"The real question is not "What am I achieving?" but "Who am I becoming as I achieve it?" That sounds lofty and poetic. In practice, it can look like standing in your kitchen asking yourself a very unpoetic question: Did I become this woman's legal representative because it was my purpose, or because it made me feel like a good person?"
"My husband met a 75-year-old woman named Sunny and her 55-year-old daughter, Joanna, outside a chicken place in Los Angeles where they were asking for money. Sunny and Joanna were both neurodiverse, trying to get by in a world that has very little patience for difference. Sunny and Jim bonded over jokes. He wrote for television. She used to send gags in to Reader's Digest. They started coming over to our house. We swam. We watched Golden Girls."
"I became Joanna's legal representative, the person the state would call about her health, her housing, her future. I did it in a moment that, if I am honest, was also a moment of private ache. I did not have children. I had made that decision, but I was not always at peace with it. I could not walk past a stroller without a little twist in the chest."
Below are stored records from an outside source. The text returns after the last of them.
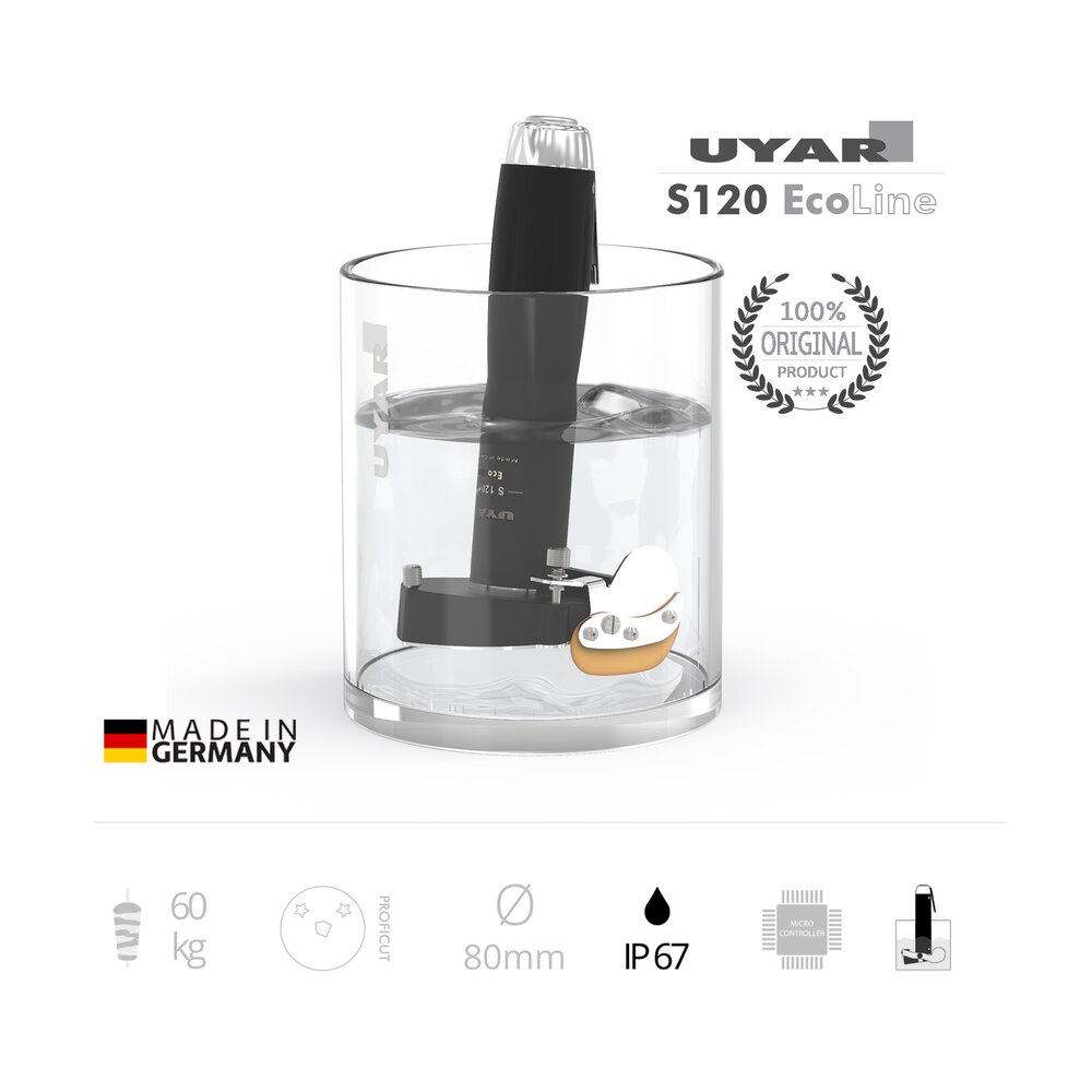 Das Original UYAR S 180 Plus PremiumLine Dönermesser/Gyrosmesser mit der einzigartigen UYAR Mikroprozessorsteuerung, klassischem geraden Griff, 80 mm Kreismesser Klinge
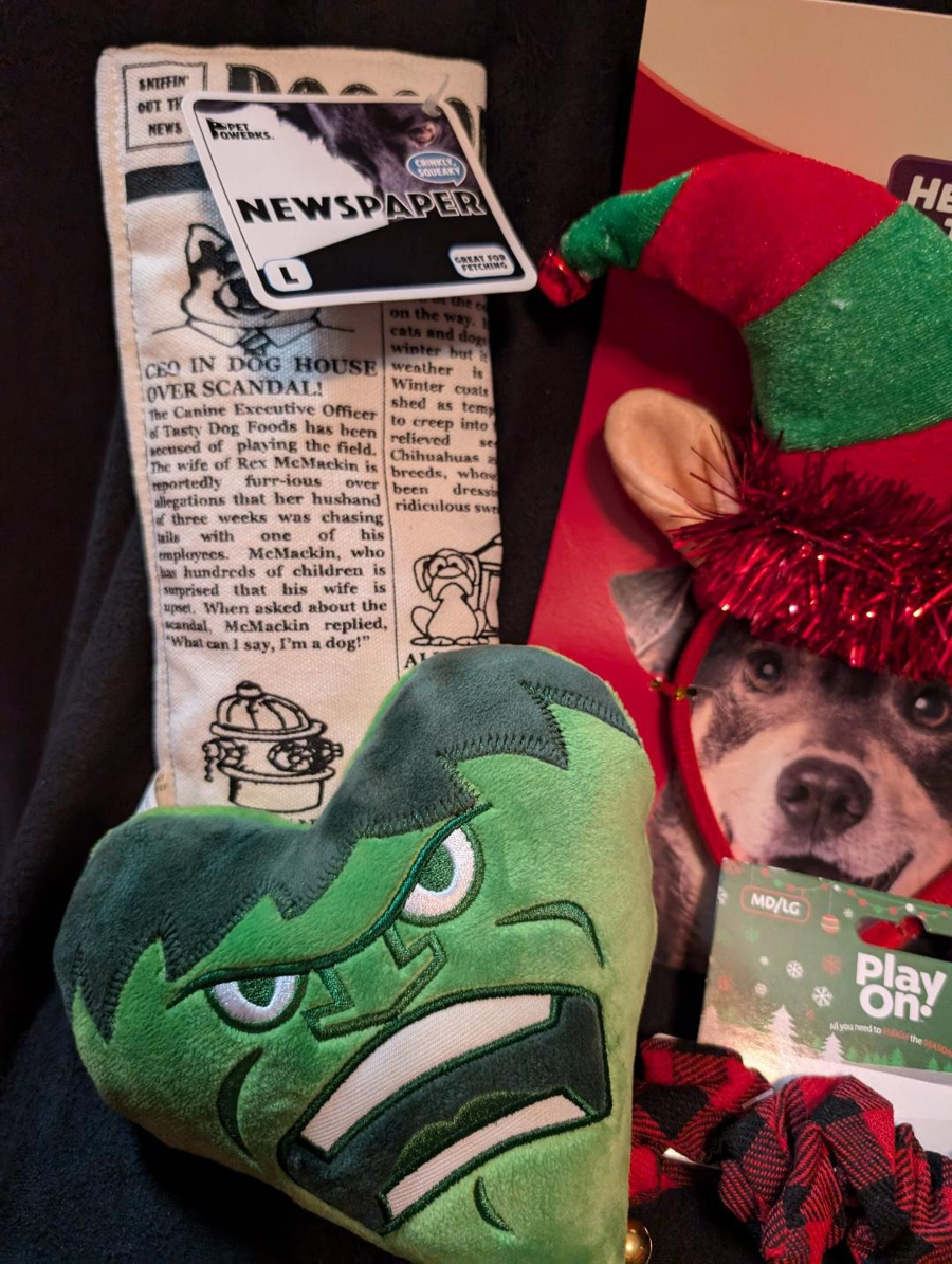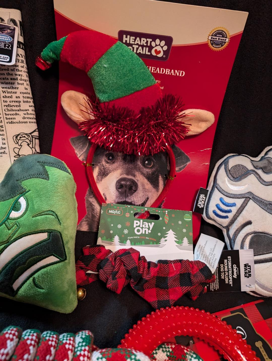 Includes a non-stuffing crinkle squeaker newspaper, a holiday rope toy, a plaid holiday neck scrunchy, 2 stuffed toys, and a holiday headband for those special photo-ops. All ready to place under the tree...woof WOOF woof!
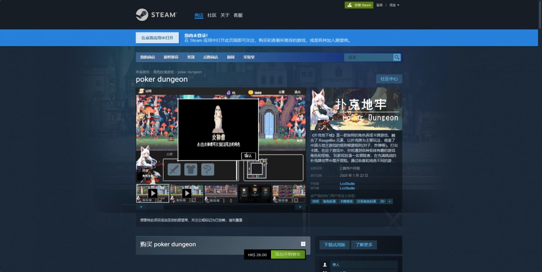《扑克地下城》在Steam平台有标准版,售卖价格是港币26元。

Ambition often centers on career, status, and external accomplishments rather than the deeper work of becoming. A relationship with a neurodiverse mother and daughter develops into informal family connections through shared time, humor, and care. After the mother's death, the narrator assumes legal responsibility for the daughter and confronts mixed motives rooted in desire for purpose and unresolved feelings about not having children. The experience reveals patterns of self-perception management and prompts reflection on whether acts of service arise from genuine calling or from the need to feel needed.